### WHAT YOU ARE ASKED TO DO:
Transcribe exactly, please, the lines from the one containing "De Gemeente Veere is" through the end of the records below, and leave out the pictures.

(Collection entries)
------------------------------------------------------------

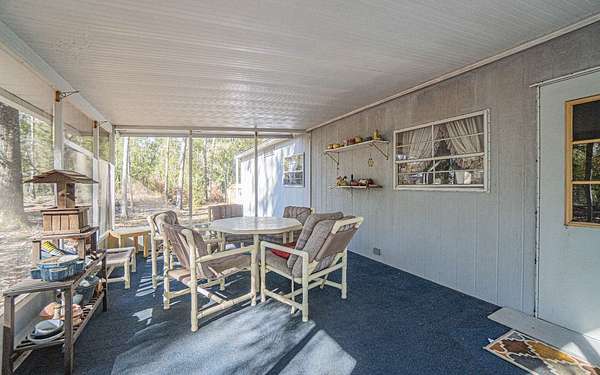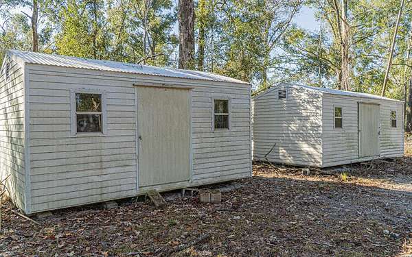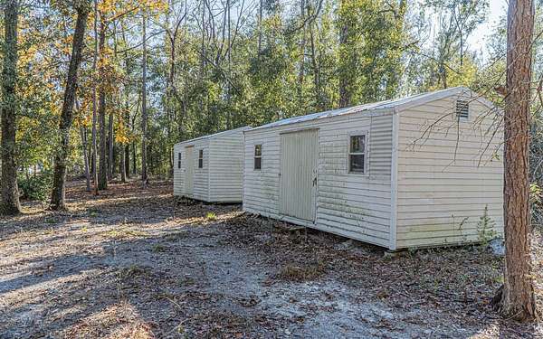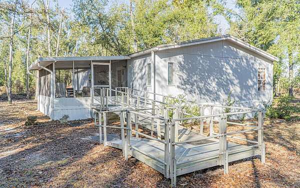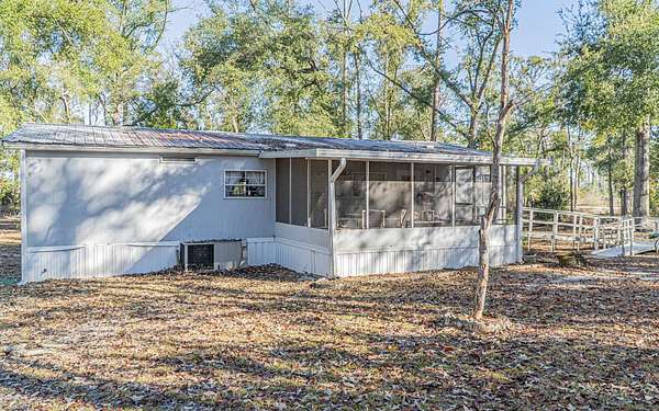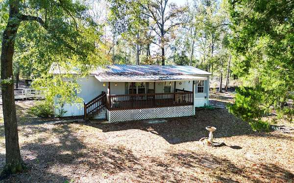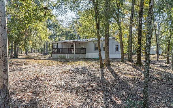 Est $1,116/mo4.82 acres in Suwannee County featuring a 3-bedroom, 2-bathroom mobile home with a screened front porch and a covered back deck. The home includes a functional layout with a combined living and kitchen area and a split-bedroom design. The property also offers three sheds for storage or equipment. Plenty of open space for gardening, animals, or additional structures. A solid option for anyone looking for usable land with existing utilities and a move-in-ready home.
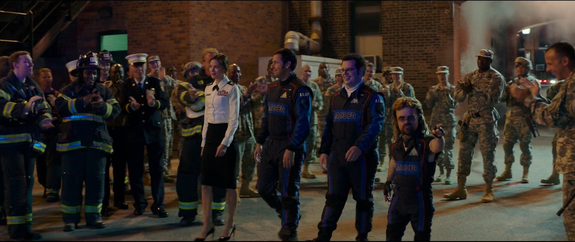 픽셀과 전쟁에서 승리한 후 이제 겨우 두 번 이겨서 외계인과 전적 2대 2인 상황. 외계인이 침공 시간을 마음대로 정하기 때문에 다음 전투를 대비해도 모자랄 판에 마치 완전 승리한 것처럼 파티 장면이 나옵니다.
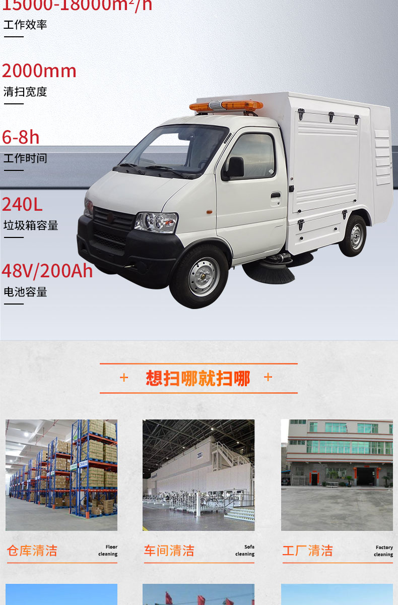 宏瑞達新能源電動清掃車采用滾刷五聯(lián)動式清掃,更大的增加了清掃效率和清掃潔凈度,清掃寬度可達2280mm,可以連續(xù)工作6-8小時,特別適合煤礦、水泥廠、雕刻廠、面粉廠、建材廠、金屬冶煉廠、工廠車間、商場、車站、廣場公園、景區(qū)等場所使用。
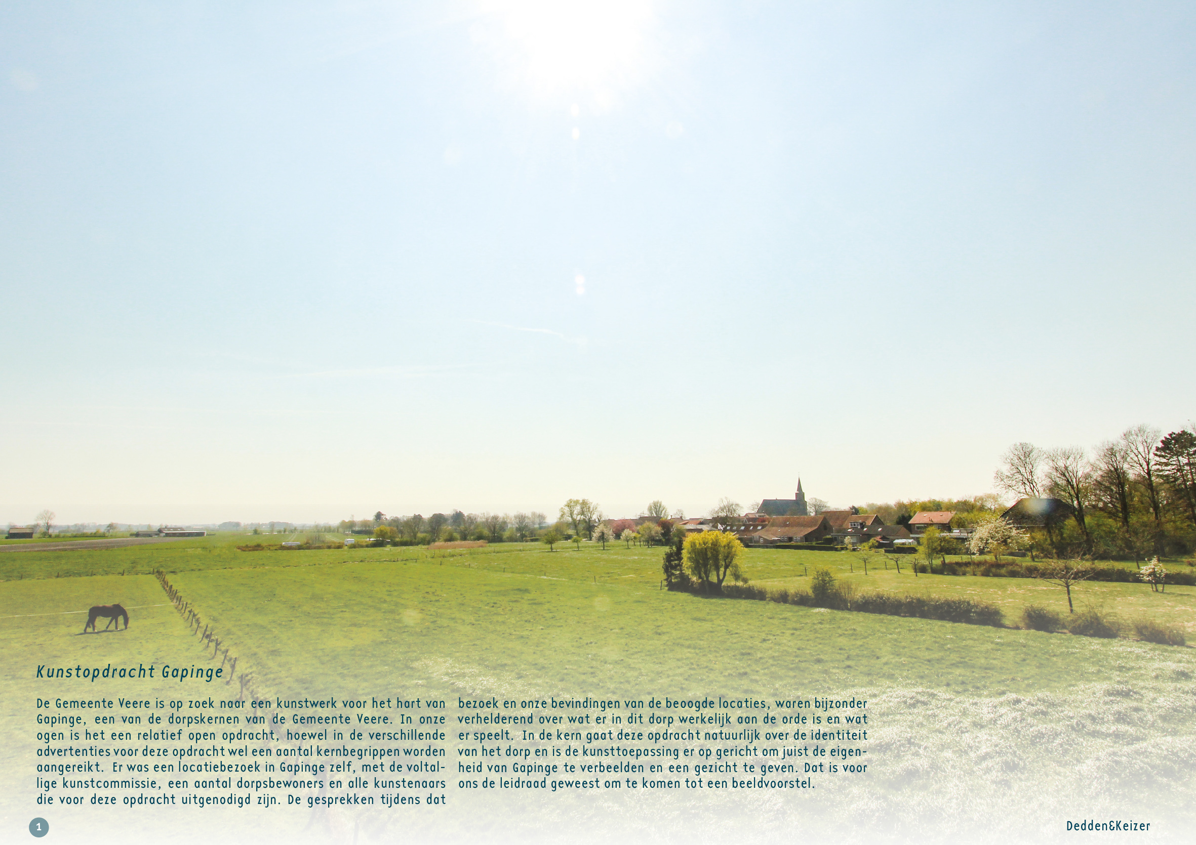 De Gemeente Veere is op zoek naar een kunstwerk voor in het hart van Gapinge,. Eén van de dorpskernen van de Gemeente Veere. In onze ogen is het een relatief open opdracht, hoewel in de verschillende advertenties voor deze opdracht wel een aantal kernbegrippen worden aangereikt.  Er was een locatiebezoek in Gapinge zelf, met de voltallige kunstcommissie, een aantal dorpsbewoners en alle kunstenaars die voor deze opdracht uitgenodigd zijn. De gesprekken tijdens dat bezoek en onze bevindingen van de beoogde locaties, waren bijzonder verhelderend over wat er in dit dorp werkelijk aan de orde is en wat er speelt.  In de kern gaat deze opdracht natuurlijk over de identiteit van het dorp en is de kunsttoepassing er op gericht om juist de eigenheid van Gapinge te verbeelden en een gezicht te geven. Dat is voor ons de leidraad geweest om te komen tot een beeldvoorstel.
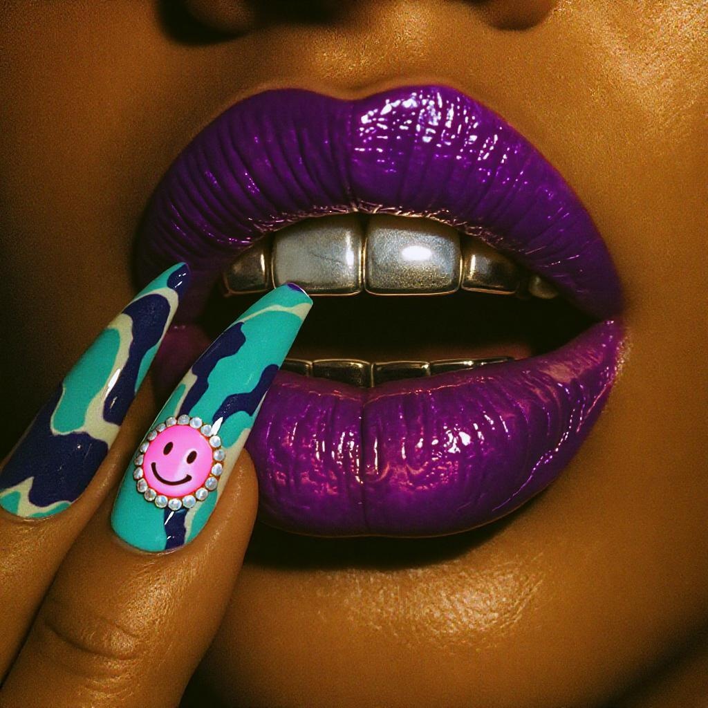 A close-up photograph captures glossy deep purple full lips, slightly parted and playfully twisted to reveal teeth adorned with a sleek silver grillz. The lips shimmer with an intense high-shine, wet-look gloss, reflecting the light in a mesmerizing way. Long, vibrant acrylic nails showcase a bold abstract pattern of teal, blue, and white pressing gently against the lips. One nail is decorated with a playful pink smiley face charm encircled by tiny opalescent rhinestones. The lighting casts a moody, cinematic atmosphere with warm golden hues and soft shadows. The image has a textured, grainy finish reminiscent of high-fashion editorial photography, shot with a macro lens, a shallow depth of field, high contrast, and a vintage 35mm film aesthetic.
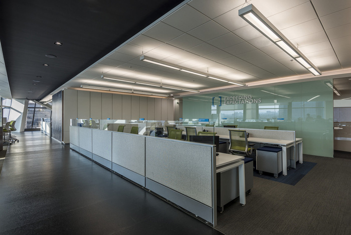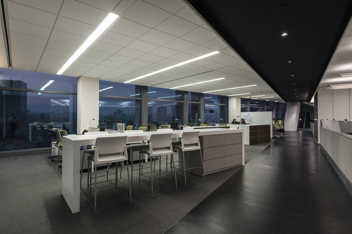 以与内部的立面关系和更好地利用自然光为出发点,除了平面图的矩形配置外,该项目还解决了沿整个布局相交的两个主轴。产生由中心的服务核心连接的四个分开的协作区域。#办公室设计图#

------------------------------------------------------------

### RESPONSE BOX:
 De Gemeente Veere is op zoek naar een kunstwerk voor in het hart van Gapinge,. Eén van de dorpskernen van de Gemeente Veere. In onze ogen is het een relatief open opdracht, hoewel in de verschillende advertenties voor deze opdracht wel een aantal kernbegrippen worden aangereikt.  Er was een locatiebezoek in Gapinge zelf, met de voltallige kunstcommissie, een aantal dorpsbewoners en alle kunstenaars die voor deze opdracht uitgenodigd zijn. De gesprekken tijdens dat bezoek en onze bevindingen van de beoogde locaties, waren bijzonder verhelderend over wat er in dit dorp werkelijk aan de orde is en wat er speelt.  In de kern gaat deze opdracht natuurlijk over de identiteit van het dorp en is de kunsttoepassing er op gericht om juist de eigenheid van Gapinge te verbeelden en een gezicht te geven. Dat is voor ons de leidraad geweest om te komen tot een beeldvoorstel.
 A close-up photograph captures glossy deep purple full lips, slightly parted and playfully twisted to reveal teeth adorned with a sleek silver grillz. The lips shimmer with an intense high-shine, wet-look gloss, reflecting the light in a mesmerizing way. Long, vibrant acrylic nails showcase a bold abstract pattern of teal, blue, and white pressing gently against the lips. One nail is decorated with a playful pink smiley face charm encircled by tiny opalescent rhinestones. The lighting casts a moody, cinematic atmosphere with warm golden hues and soft shadows. The image has a textured, grainy finish reminiscent of high-fashion editorial photography, shot with a macro lens, a shallow depth of field, high contrast, and a vintage 35mm film aesthetic.
 以与内部的立面关系和更好地利用自然光为出发点,除了平面图的矩形配置外,该项目还解决了沿整个布局相交的两个主轴。产生由中心的服务核心连接的四个分开的协作区域。#办公室设计图#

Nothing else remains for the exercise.